Cable news channels were a significant destination for viewers interested in getting the latest on the shootings in Colorado on Friday, according to Nielsen ratings from that day.
In the documentary Kumaré, Vikram Gandhi assumes the title “guru” and sets out to amass a following. He succeeds in convincing gullible customers that he is, in fact, the guru Kumaré, a man of wisdom, spiritual enlightenment, and serenity. Kumaré has a lot to teach us about advertising, marketing, and public relations; but if it has one “actionable” point for media professionals, it is this: gurus always sell themselves. That is, the product of any guru is first, the guru, and second, the philosophy underwriting his or her—but, let’s be honest, usually his—guru-ism.

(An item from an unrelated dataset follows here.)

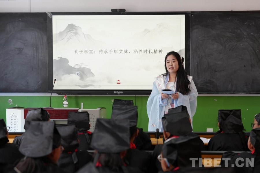 有一次,殷靚靚穿著漢服走進(jìn)課堂,飄逸的衣袂瞬間吸引力所有孩子的目光。看著孩子們滿(mǎn)眼的好奇,她和援藏團(tuán)隊(duì)的老師們萌生了新想法——依托山東儒家文化發(fā)源地的底蘊(yùn),在學(xué)校開(kāi)設(shè)中華傳統(tǒng)文化興趣班,建起“孔子學(xué)堂”。在這里,孩子們讀經(jīng)典、學(xué)禮儀,還和濟(jì)南的小伙伴同步開(kāi)展傳統(tǒng)文化活動(dòng),讓孩子們對(duì)千里之外的山東,多了一份更深的親近與向往。

Therefore, it should come as no surprise that social media gurus claim that social media is our most important news source. Despite the relentless social media boosting that pervades conventional, old media, ironically, traditional media outlets remain an equally important source of breaking news analysis. Contrary to the high visibility of social media platforms, atavistic news sources like television continue to keep huge numbers of consumers informed. News coverage of the shootings in Aurora, Colorado demonstrates how conventional media gets underestimated. For example, cable news stations experienced an influx of viewers as news of the tragedy broke. TVNEWSER® reports that from 6 to 9 a.m. on the Friday morning of the attack, Fox News Channel averaged 1.34 million viewers, CNN 466,000, and MSNBC 450,000, all significantly higher than normal. As TVNEWSER® concludes, “it is safe to say that cable news was a primary news source for 10s of millions of Americans Friday.”
A failure to recognize the importance of old media derives from a cognitive bias called the availability heuristic. When people follow an availability heuristic, they evaluate the probability or magnitude of an event based on how easily they can recall examples of the event. Thus, the assumed primacy of “new media” results from reports that social media is both independently important and more important than conventional media.
Even when consumers watch cable news, they are inundated with the message that new media supersedes old media. One subplot of the Aurora story concerned the role of Reddit in breaking the news. The New York Times’s Bits Blog published a post called, “How Reddit Scooped the Press on the Aurora Shootings.” TL;DR: Morgan Jones, an 18-year-old who was monitoring a police scanner at the time of the shooting, started a timeline of the events on Reddit. And Poynter’s piece, “How news spread of the ‘Dark Knight Rises’ shooting at Colorado movie theater” emphasized Tweets coming in from the scene as a key source of new information. But there is an important distinction between new media as a source of raw news data and new media as a source of packaged news programming, vetted and information rich. While those packaged news programs assert the importance of new media as a news source, consumers are still receiving news from the package, not the source. The flow of information from an event to major media outlets is much faster and higher volume than pre-new media. The news source for news media has shifted. But the news source for the public is still old media, along with the online presences of old media, such as website video streams and blog posts. The wild, wild west of news—Reddit, Twitter, etc.—is not where most Americans look for reliable breaking news coverage.
The value of new media as a journalistic tool should not be discounted. Nevertheless, both enthusiasm and fear-mongering should be tempered: new media is not exacting a swift hit on old media. If there is a displacement effect, wherein tech-savvy viewers shift loyalty from old media to new, old media remains a consistent and predictable source of information. Social media is not a self-fulfilling prophecy. Believing in the ascendency of, for example, Reddit, does not make it true. Rather, a misplaced faith in the fundamental dominance of new media does not make millions of Americans just disappear. They’re still out there, plopped in front of the TV set, consuming what new media uncovered through a conventional source.